◆ TASK GOAL: Could you copy exactly the lines below from the one with "kompensatorem gumowym z" to the one with "美的(Midea)可爱多滚筒全自动洗衣机分区洗三筒一体机 11kg多筒母婴儿洗智能投放变频 除菌除螨羊毛绿标三桶", inclusive, leaving out any pictures?

◆ EXERCISE MATERIAL:
########
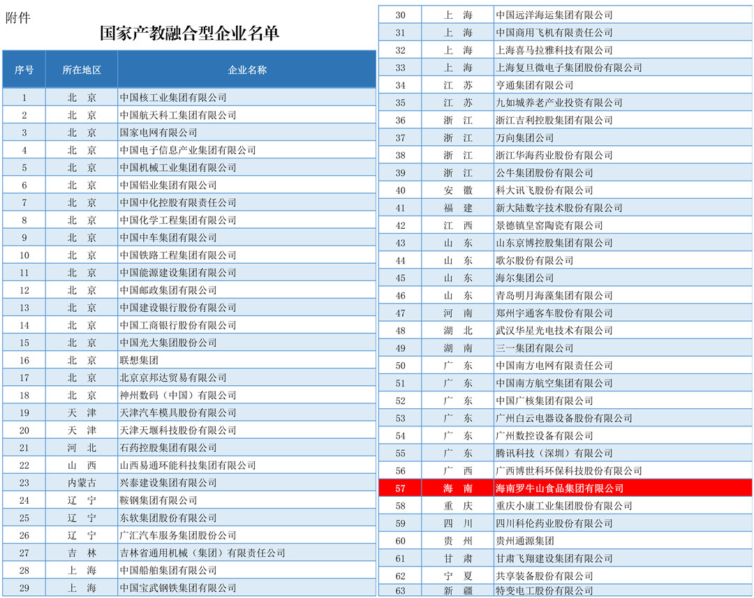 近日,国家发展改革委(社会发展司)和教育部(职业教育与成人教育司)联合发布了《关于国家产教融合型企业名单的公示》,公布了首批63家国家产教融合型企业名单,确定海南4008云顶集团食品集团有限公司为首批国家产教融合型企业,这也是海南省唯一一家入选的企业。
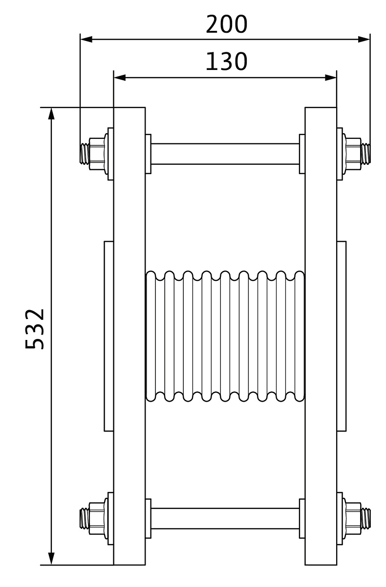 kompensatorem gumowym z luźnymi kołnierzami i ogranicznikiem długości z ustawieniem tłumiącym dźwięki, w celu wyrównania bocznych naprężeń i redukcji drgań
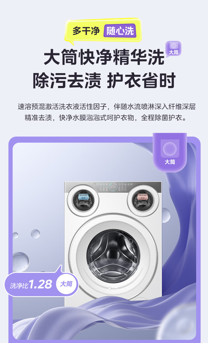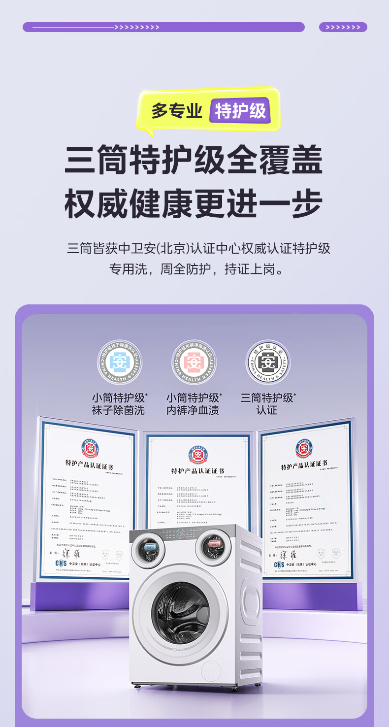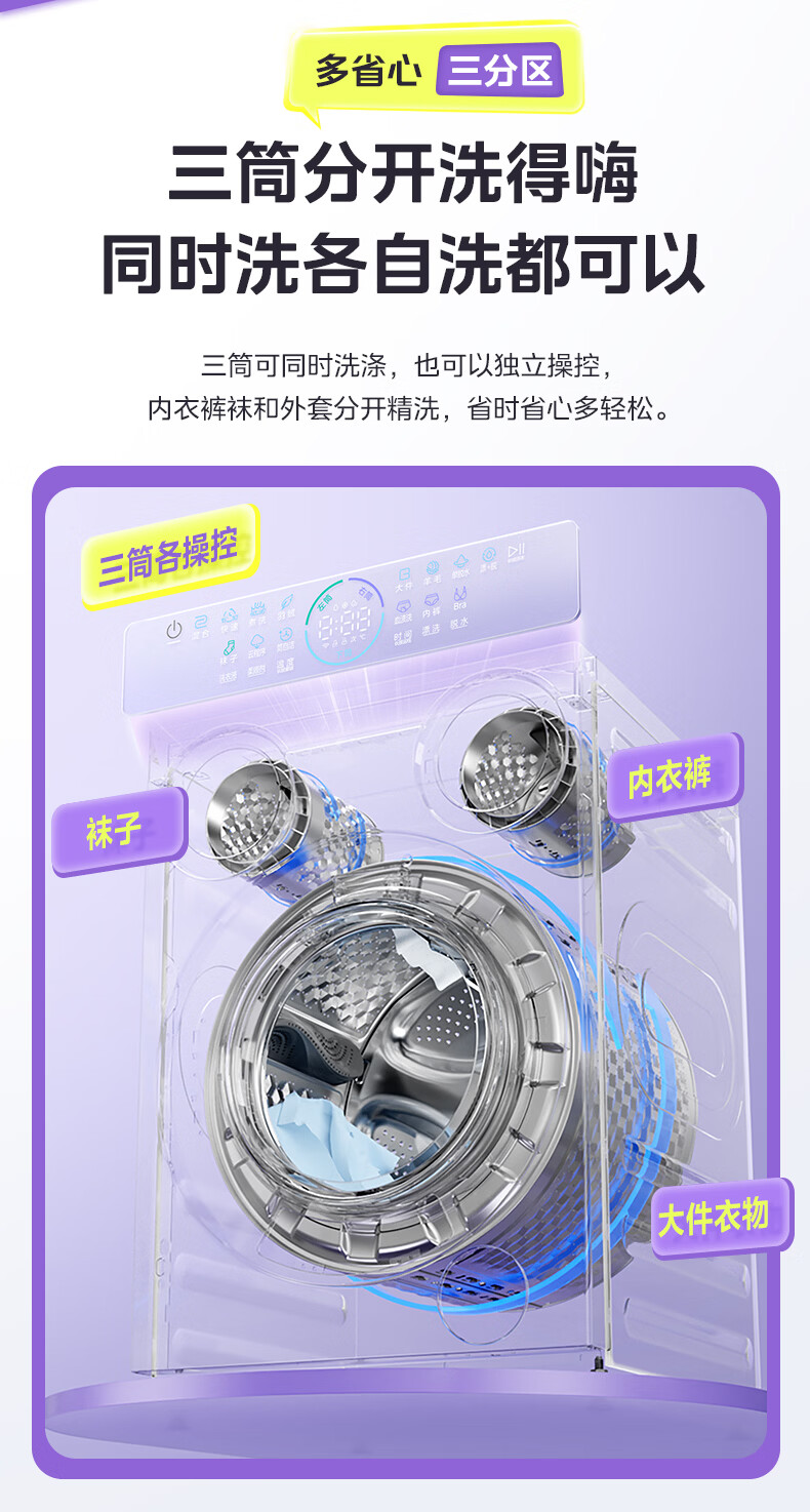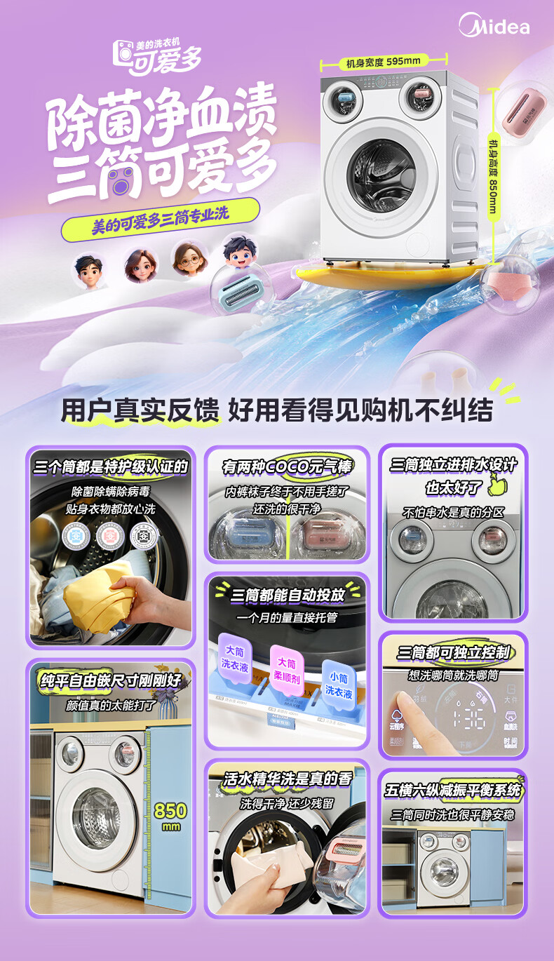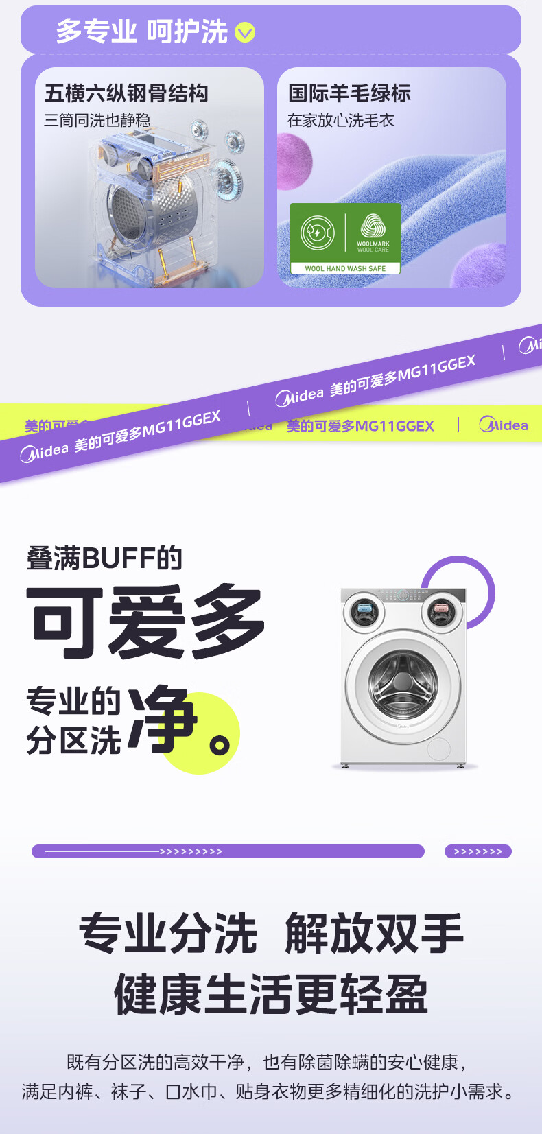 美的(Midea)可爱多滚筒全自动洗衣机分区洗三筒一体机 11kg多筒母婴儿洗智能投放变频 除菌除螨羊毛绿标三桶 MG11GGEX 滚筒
########
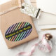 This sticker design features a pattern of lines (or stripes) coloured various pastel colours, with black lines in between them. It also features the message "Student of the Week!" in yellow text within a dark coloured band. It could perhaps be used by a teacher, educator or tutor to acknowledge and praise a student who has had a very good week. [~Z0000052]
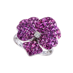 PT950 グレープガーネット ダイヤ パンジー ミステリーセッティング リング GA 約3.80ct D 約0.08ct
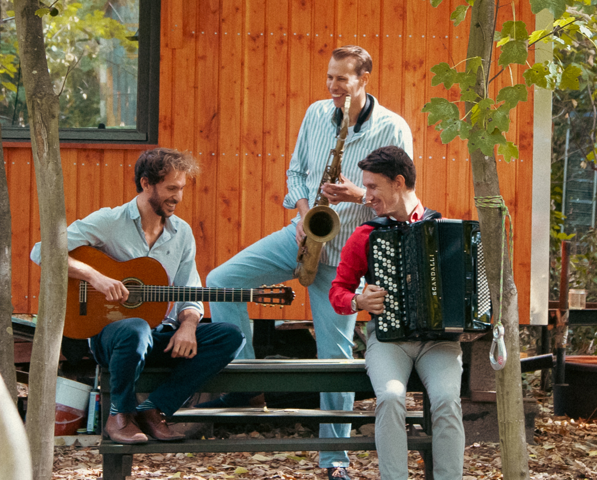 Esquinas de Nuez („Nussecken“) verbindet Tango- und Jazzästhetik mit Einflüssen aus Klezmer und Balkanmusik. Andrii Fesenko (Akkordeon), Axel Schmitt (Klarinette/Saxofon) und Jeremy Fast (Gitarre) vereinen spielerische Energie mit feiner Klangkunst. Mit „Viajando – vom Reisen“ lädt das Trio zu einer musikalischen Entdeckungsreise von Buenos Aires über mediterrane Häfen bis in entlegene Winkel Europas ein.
########
◆ ANSWER FOR THIS EXERCISE:
 kompensatorem gumowym z luźnymi kołnierzami i ogranicznikiem długości z ustawieniem tłumiącym dźwięki, w celu wyrównania bocznych naprężeń i redukcji drgań
 美的(Midea)可爱多滚筒全自动洗衣机分区洗三筒一体机 11kg多筒母婴儿洗智能投放变频 除菌除螨羊毛绿标三桶 MG11GGEX 滚筒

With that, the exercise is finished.